Keywords: Internet, big data, data warehouse, data platform, architecture

Takeaway:

Overall architecture Data acquisition data storage and analysis data sharing data application real-time computing task scheduling and monitoring metadata management summary has always wanted to sort out this content, since it is a ramble, think of what to say what. I’ve always been in the Internet industry, in the Internet industry.

First list the use of data warehouse and data platform in the Internet industry:

Integrate all business data of the company and establish a unified data center; Provide all kinds of reports, some to the top management, some to the various business; Provide data support for website operation, that is, through data, let the operation timely understand the operation effect of the website and products; Provide online or offline data support for each business, and become a unified data exchange and provision platform for the company; Analyze user behavior data, reduce input cost and improve input effect through data mining; For example, targeted and accurate advertising, personalized user recommendation, etc. Develop data products that directly or indirectly benefit the company; Build open data platform, open company data; . The above listed content looks similar to the traditional industry data warehouse uses, and all require data warehouse/data platform has very good stability, reliability; But in the Internet industry, in addition to the large amount of data, a growing number of business demands timeliness, even many is the requirement of real time, on the other hand, the Internet industry business changes very fast, can’t be like a traditional industry, you can use the top-down method to establish data warehouse, once and for all, it requires that the new business soon can come into the data warehouse, old offline business, Can be easily offline from the existing data warehouse;

In fact, the data warehouse in the Internet industry is the so-called agile data warehouse, which requires not only fast response to data, but also fast response to business.
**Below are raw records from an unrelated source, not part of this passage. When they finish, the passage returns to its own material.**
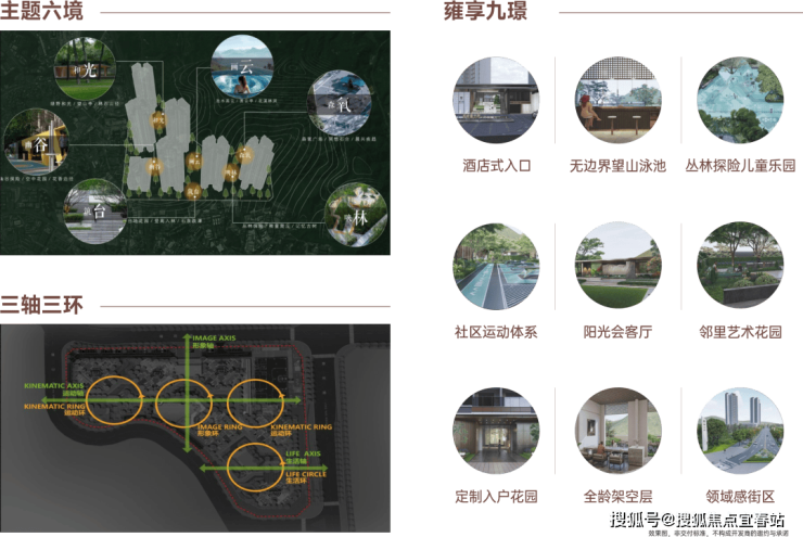景观园林以“借山还山,师法自然”为设计理念,以“三轴三环”为结构,以”六境九璟“为核心景观主题,打造约2万㎡全龄乐活生态公园。
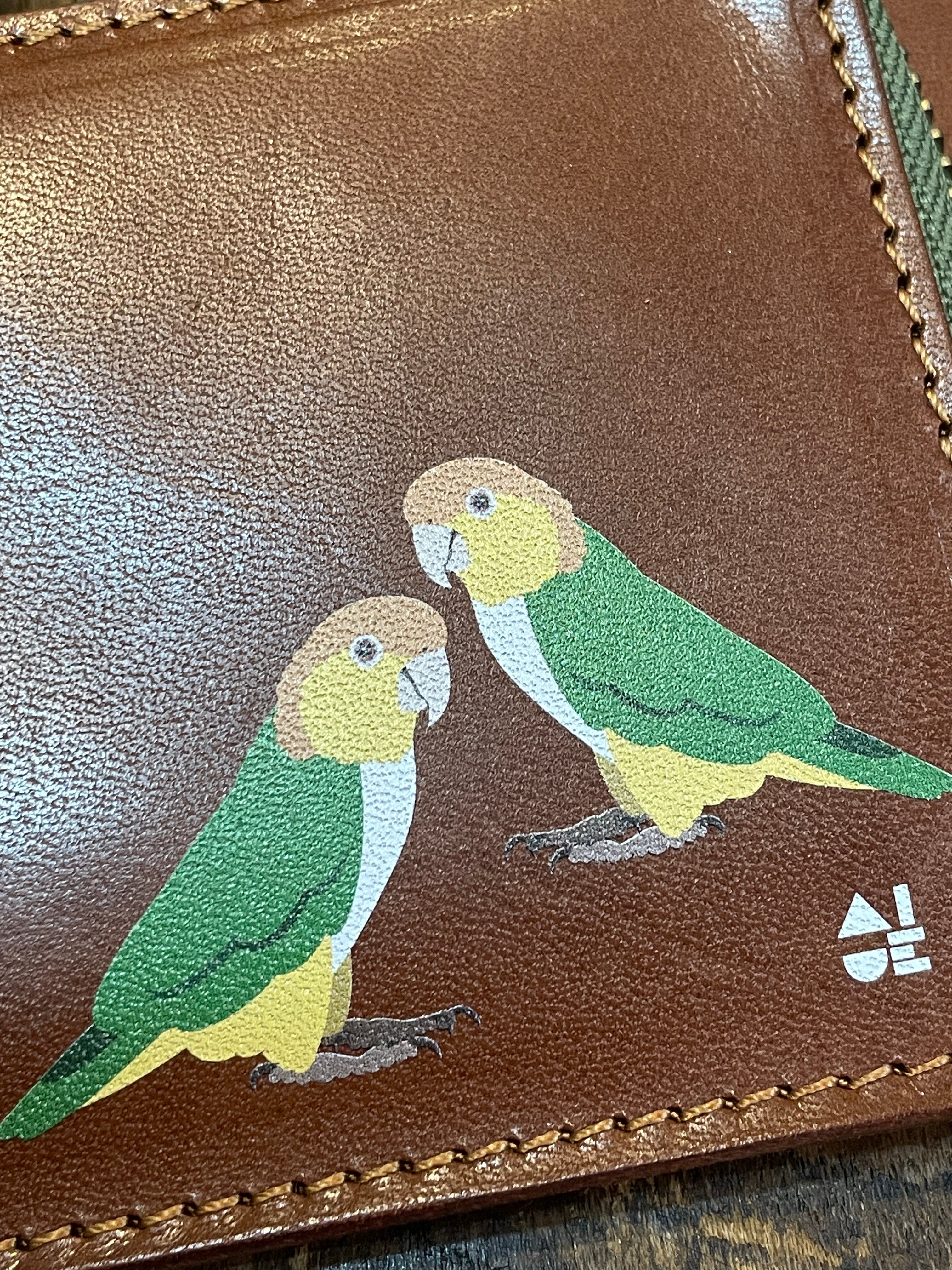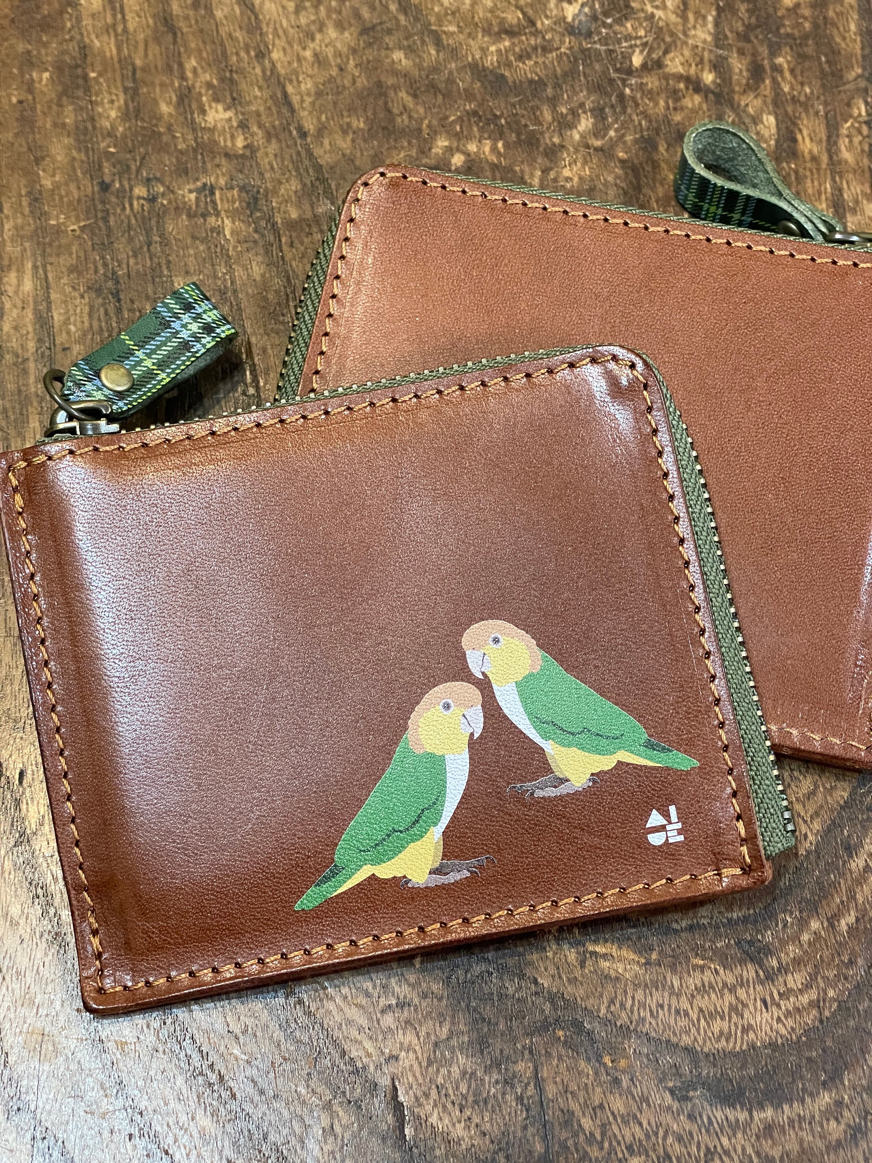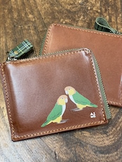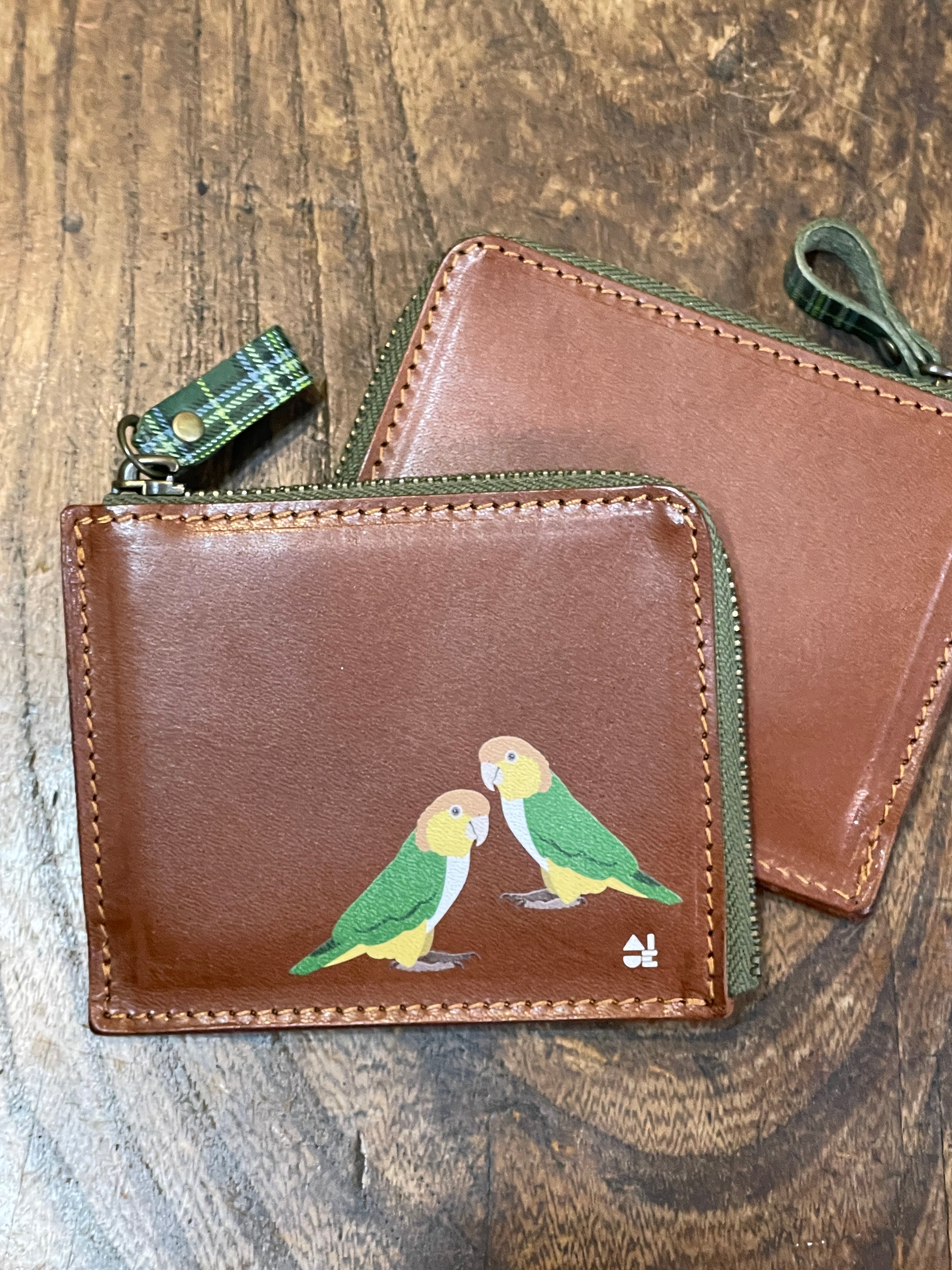 【送料無料】 L字ファスナー財布 ブラウン シロハラインコ 2羽 Brown 財布 しろはらいんこ 栃木レザー
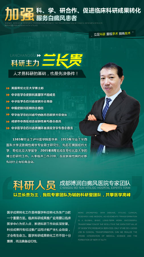 会议同时宣布于成都博润白癜风医院,设立以色素专业委员会为支撑的“白癜风实验研究”,以进一步提高白癜风疾病学的临床科学研究,促进白癜风诊疗技术规范化、正规化发展。

Construction of agile data warehouse, in addition to the architecture technical requirements, there is a very important aspect, is the data modeling, if started thinking of establishing a set of compatible with all data and business data model, then returned to the traditional data warehouse construction, it is difficult to meet the rapid response to business changes. To deal with this situation, it is generally necessary to conduct in-depth modeling of the core persistent business first (such as: website statistical analysis model and user browsing trajectory model based on website logs; User model based on the company’s core user data), other businesses generally adopt dimension + wide table to establish data model. This is the last part.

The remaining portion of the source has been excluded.